Crimes and misdemeanors

New Colorado bill to change “child porn” charges for sexting teens

(OLIVIER MORIN/AFP/Getty Images)

A new proposed bill in Colorado is seeking to reduce the charge of “distributing child porn” for teens who get “caught” sexting explicit photos of themselves. Under the current legislation, they could be prosecuted and forced to register as a sex offender, but the new bill is trying to change this to a class two misdemeanor.
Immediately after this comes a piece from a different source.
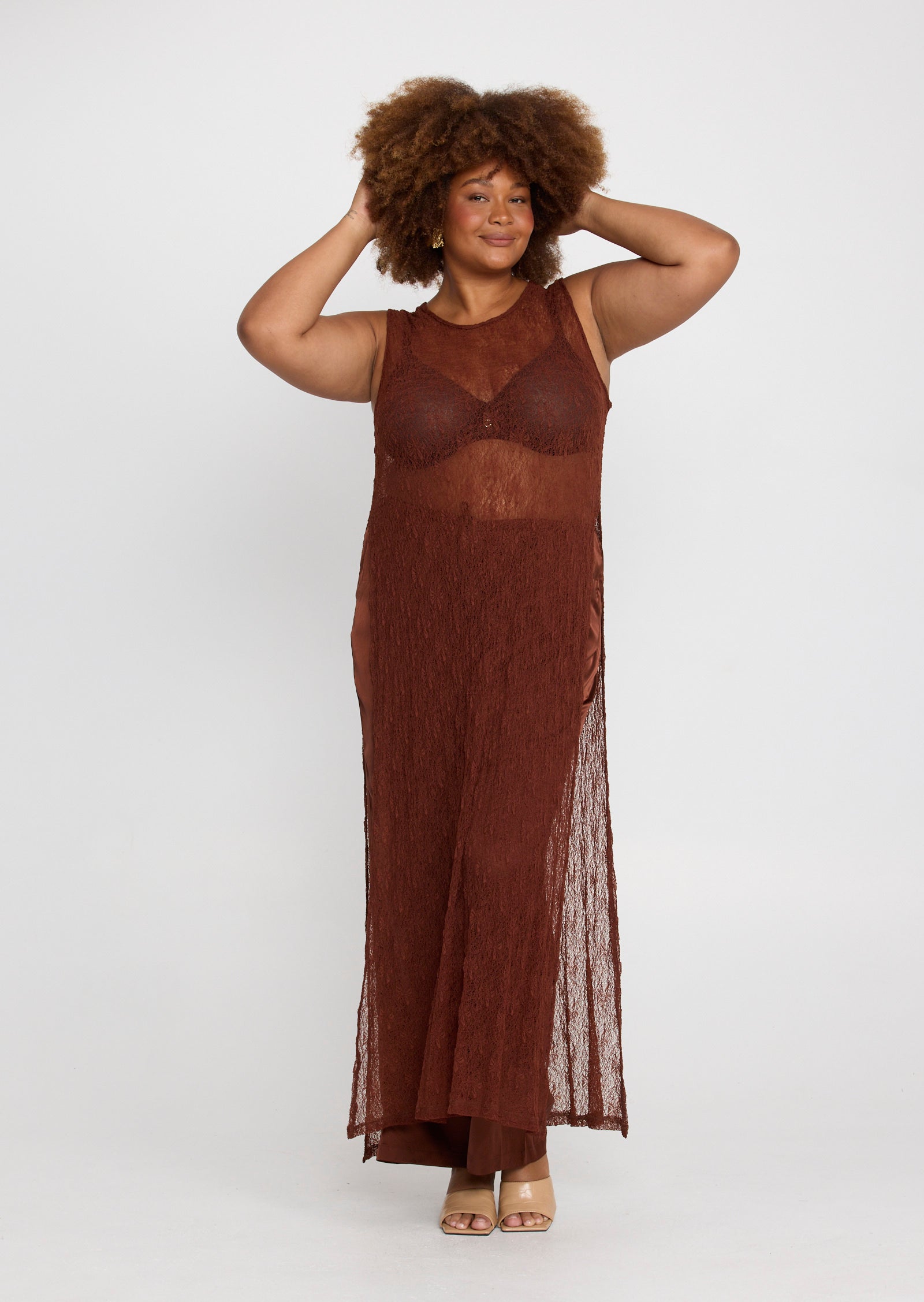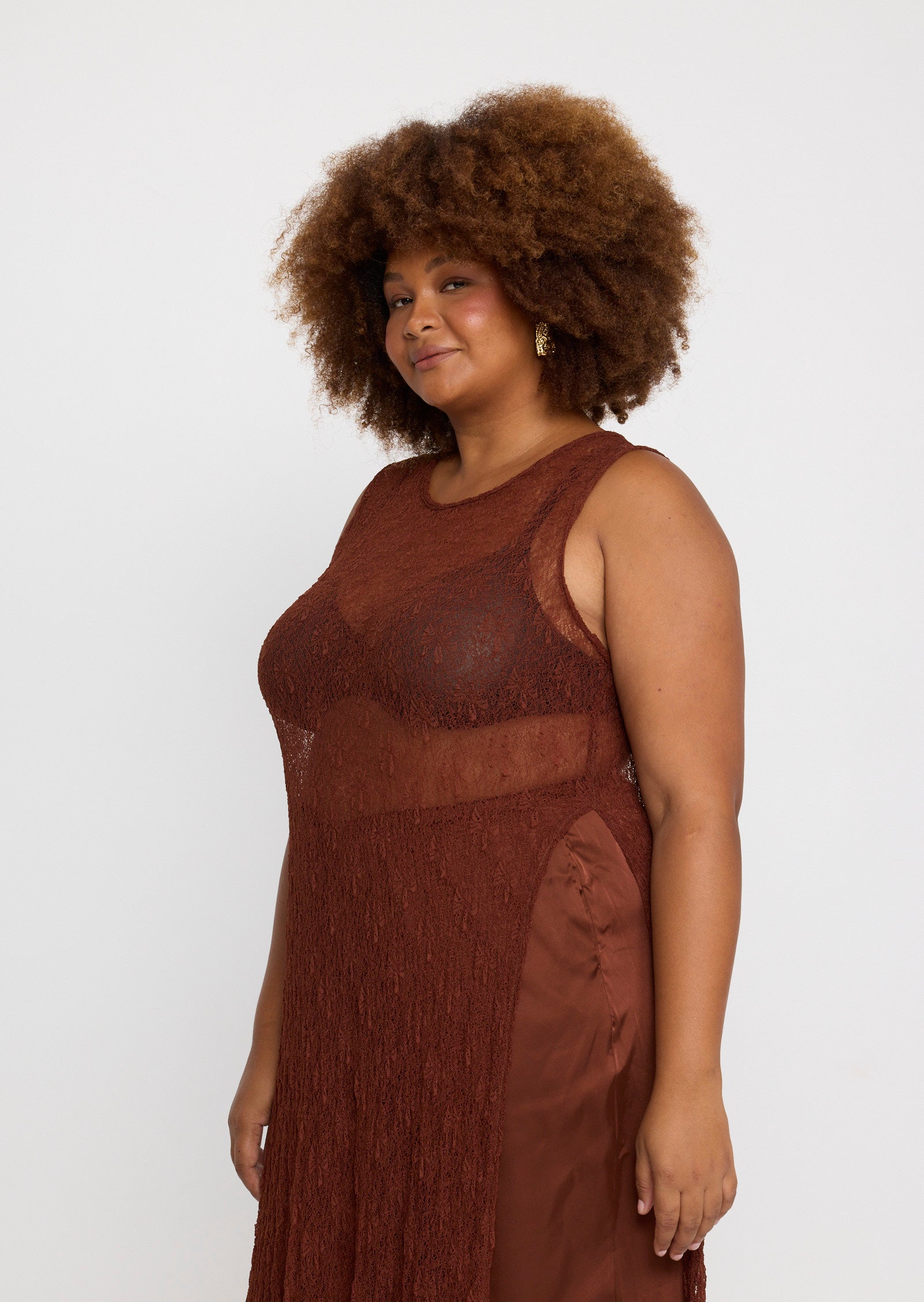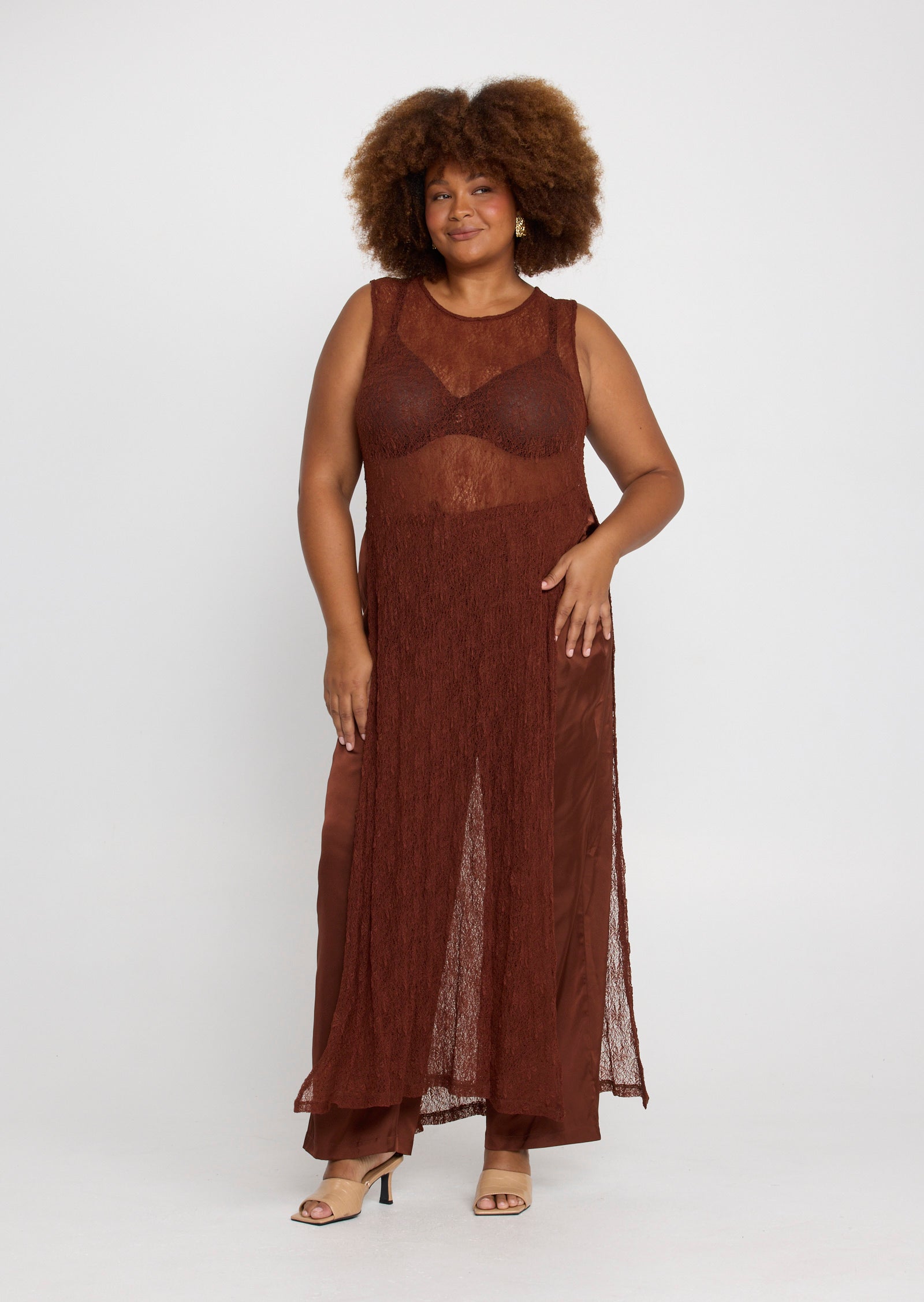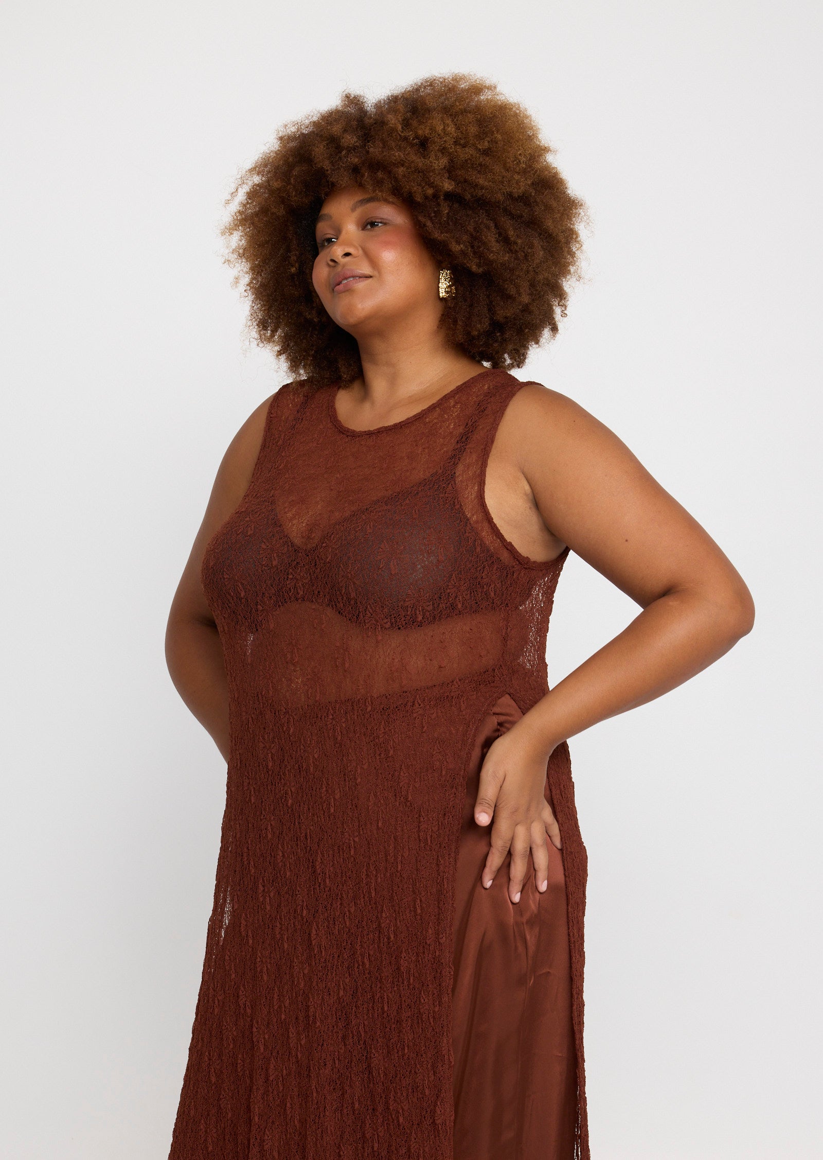 Designed in a lightweight mesh fabrication, Jolie features a classic round neckline with a button and loop keyhole closure at the back. Side splits add movement through the hem, while the versatile construction allows the front and back panels to be tied at the side for a subtle, considered detail that elevates the overall look.

Opponents of the change, however, point out that this could lead to more prosecutors charging teens with a crime for “consensual sexting.”  “Sexting, in and of itself, is not harmful,” Amy Hasinoff, a communications professor and author of the book Sexting Panic: Rethinking Criminalization, Privacy, and Consent, told Broadly. “Like any other sex act, it’s only harmful when it happens without the consent of everyone involved. In that case, we need to address the person who committed the act of harm. Laws against sexting criminalize the victim and the perpetrator as though their behavior is the same.”

Hasinoff also argues that the law might disproportionately affect teenagers who are already more vulnerable to prosecution: teens of color, low-income teens, teens in foster care, or gay teens, for example. “One third of 16- and 17-year olds are sexting, whether it’s a felony, misdemeanor or not. We have to deal with that reality rather than dreaming that we can bring that rate down to zero percent by criminalizing it,” Hasinoff said. “It’s not going to happen.” If the bill passes the Colorado state legislature, it will go into effect on July 1, 2016.